Only count a UOC value when calculating termuocpassed if the student actually passed the course (i.e. has a grade from the set {SY, PT, PC, PS, CR, DN, HD, A, B, C}) or has an XE grade (for credit from exchange) or a T grade (transferred credit) or a PE grade (professional experience) or a RC or RS grade (research courses)). A null grade or any grade other than those just mentioned should not be treated as a pass. (For simplicity, grade GP and EC are treated as unpassed)
Only results with associated marks are included in the termwam calculation. If no mark or grade is available for a course (a null mark or grade), do not consider it when calcualting termwam. (i.e. grade SY, PT, XE, T, PE, RC and RS…or other grade-only results, they normally have a null mark).
termuocpassed and termwam are computed as follows:
termuocpassed = ΣUOC for all courses passed in this term
termwam = Σ(M*U)/ΣU for all courses completed (marked) in this term
M = mark received in a course
U = units of credit for a course
Round the WAM value to the nearest integer and refer to the note of Q5. (i.e. the nearest integer of 10.49 is 10; the nearest integer of 10.50 is 11) If no termwam or termwam is 0 this term, set termwam as null; If no courses have been passed this term, set termuocpassed as null. Examples can be found in Example page.
At the end of the transcript, add an extra TermTranscriptRecord which contains
(‘OVAL’, overallwam, overalluocpassed)
where the overalluocpassed and overallwam are computed as follows:
overalluocpassed = ΣUOC for all courses passed
overallwam = Σ(M*U)/ΣU for all courses completed (marked)

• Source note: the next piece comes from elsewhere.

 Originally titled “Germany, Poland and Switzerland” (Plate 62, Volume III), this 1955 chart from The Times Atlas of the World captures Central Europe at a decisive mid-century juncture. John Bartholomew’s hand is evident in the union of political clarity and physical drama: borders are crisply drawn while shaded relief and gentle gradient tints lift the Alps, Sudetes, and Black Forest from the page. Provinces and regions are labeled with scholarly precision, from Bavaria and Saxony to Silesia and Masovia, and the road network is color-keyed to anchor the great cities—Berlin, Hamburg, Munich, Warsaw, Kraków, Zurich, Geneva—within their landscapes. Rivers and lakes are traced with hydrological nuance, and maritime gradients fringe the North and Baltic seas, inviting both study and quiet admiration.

M = mark received in a course
U = units of credit for a course
The calculation rules are similar between the term and overall. Round the WAM value to the nearest integer. If no overallwam or overallwam is 0, just set overallwam as null; If no courses have been passed overall, set overalluocpassed as null.

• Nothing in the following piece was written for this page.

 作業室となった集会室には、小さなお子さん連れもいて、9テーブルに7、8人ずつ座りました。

For simplicity, ignore the situiation of degree changes. If a student zid is invalid, return an empty table. See the example in Example page.
How can you find interesting transcripts to look at? The answer is to think of some properties of a transcript that might make it interesting, and then ask a query to get information about any students who have these kinds of transcripts. I used the following query to find some students. Work out what it does and then try variations to find other kinds of “interesting” students:
select p.unswid,pr.code,termName(min(pe.term)),count()
from People p
join Program_enrolments pe on (pe.student=p.id)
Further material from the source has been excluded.